Some Complaints for Patent Infringement Easily Fail Under Iqbal and Twombley

By Charles Bieneman

Categories: Patent Civil Procedure, The Software IP Report

Here is an example of how the abnegation of Form 18 of the Federal Rules of Civil Procedure is changing patent litigation.  In Mike Murphy’s Enters. v. Fineline Indus., LLC, No. 1:16-cv-784-LJO-SAB (E.D. Cal. Aug. 4 2016), the court granted a Rule12(b)(6) motion and dismissed the plaintiff’s complaint alleging infringement of United States Patent No. 6,234,099, stating that the plaintiff would have one chance to amend.
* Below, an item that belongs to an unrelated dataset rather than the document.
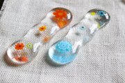 金太郎飴のようなお花のガラスを溶かし込んでいます。

Relying on Bell Atl. Corp. v. Twombly, 550 U.S. 544 (2007), and Ashcroft v. Iqbal, 556 U.S. 662 (2009), the sum and total of the court’s analysis was as follows:

[Plaintiff] MMEI’s complaint is woefully insufficient to state a claim for patent infringement. MMEI provides no facts to explain in any detail how Fineline allegedly infringed the ‘099 Patent. MMEI simply alleges that Fineline’s products did so without any explanation. “Merely naming a product and providing a conclusory statement that it infringes a patent is insufficient to meet the ‘plausibility’ standard set forth in Twombly and Iqbal.” Medsquire LLC v. Spring Med. Sys., Inc., No. 2:11-cv-4504-JHN-PLA, 2011 U.S. Dist. LEXIS 107416, 2011 WL 4101093, at *3 (C.D. Cal. Aug. 31, 2011). MMEI’s patent infringement claim therefore fails. MMEI’s opposition—the substance of which is two paragraphs long and makes no argument beyond stating in a wholly conclusory manner that MMEI has stated a patent infringement claim—does not alter this conclusion.